Parametric ANOVA tests assume normality of data and constant variance. If the assumption of normality is proven false, then non-parametric methods may be used. This method is known as the Kruskal-Wallis Test. Prior to the testing the hypothesis using Kruskal-Wallis, the Completely Randomized Design or CRD needs to be set-up in the R simulation console. Further, CRDs are built on the basis of defined levels and replications as shown in the Process section.
Independence: The observations within each group are assumed to be independent of each other. This means that values in one group should not be related to or influence the values in any other group.
Random Sampling: The data should be collected using a random sampling process. This means that each observation has an equal probability of being included in the study.

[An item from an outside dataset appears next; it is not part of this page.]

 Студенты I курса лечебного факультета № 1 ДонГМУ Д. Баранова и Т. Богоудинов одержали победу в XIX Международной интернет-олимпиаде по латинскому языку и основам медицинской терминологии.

Constant Variance: Like one-way ANOVA testing, the variance among the groups is assumed to be equal for non-parametric tests.
Normality: For hypothesis testing, in one-way ANOVA, the model errors are assumed to be normally distributed. However, for the Kruskal-Wallis test (non-parametric ANOVA) we cannot assume normal distribution.

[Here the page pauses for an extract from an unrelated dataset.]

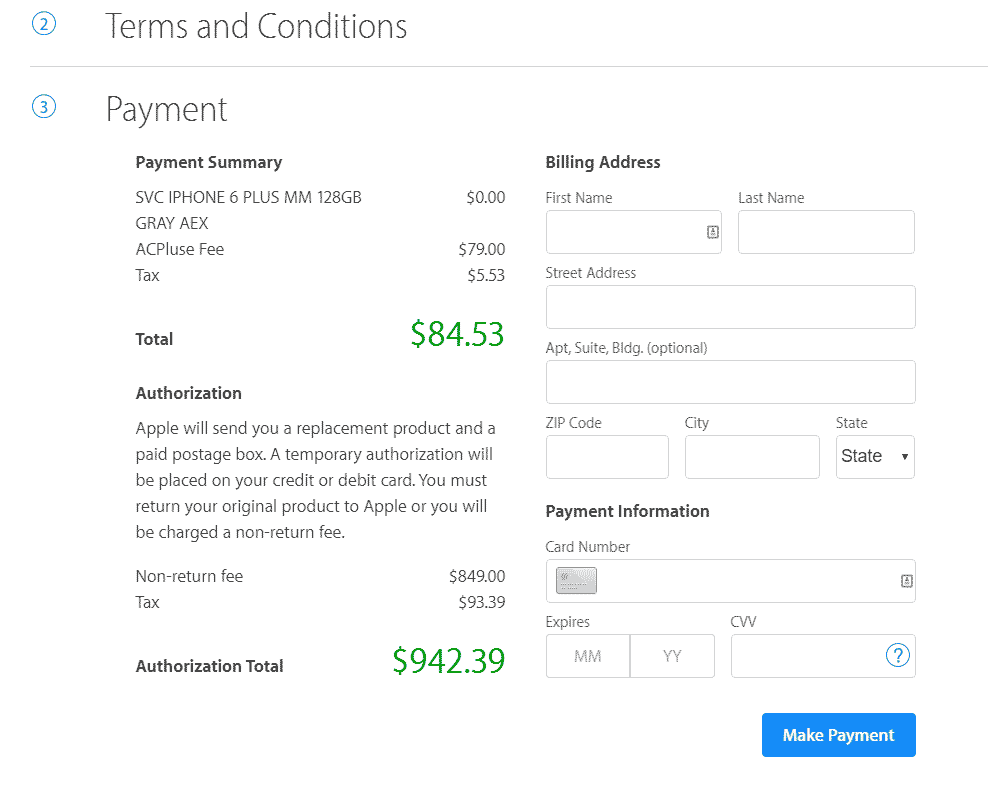 The Advance Replacement service sounds like the best for me. The only scary down side to that service is they’ll put a temp charge on my card for the entire price of the phone, and if they don’t get the phone returned to them within 10 days they’ll chage my a late fee of several hundred, and if they never get the phone they’ll charge me the total price of the phone which is $942.39 including tax. If I wanted to buy a whole other iPhone i’d just get the 6s Plus.

Please note: the replications for the lesson are pre-defined. Traditionally, one would run a power analysis (pwr.t.test) for the desired alpha (i.e. 0.05) and the power for a specific effect (i.e. 1). This would denote the number of replications needed statistically satisfy the performance of the hypothesis testing.
library(agricolae)
# Extensive functionality on experimental design functions package, typically used for agriculture research, package needs to be loaded to develop the functions
OutDesign<-function(levels, replication){
outdesign<-design.crd(levels, replication, serie = 1, 34268)$book
#outdesign<-outdesign[order(outdesign$levels), ]
write.csv(outdesign,"layout.csv")}
# Line 1: OutDesign creates a function to export data
# Line 2: CRD have defaults in the serie (plot number degrees) and seed (random number for testing) that can be altered to create the data. In this we have created number plot of 2 digits (1) and the random seed (34268). The random seed can be any set of numbers based on the study.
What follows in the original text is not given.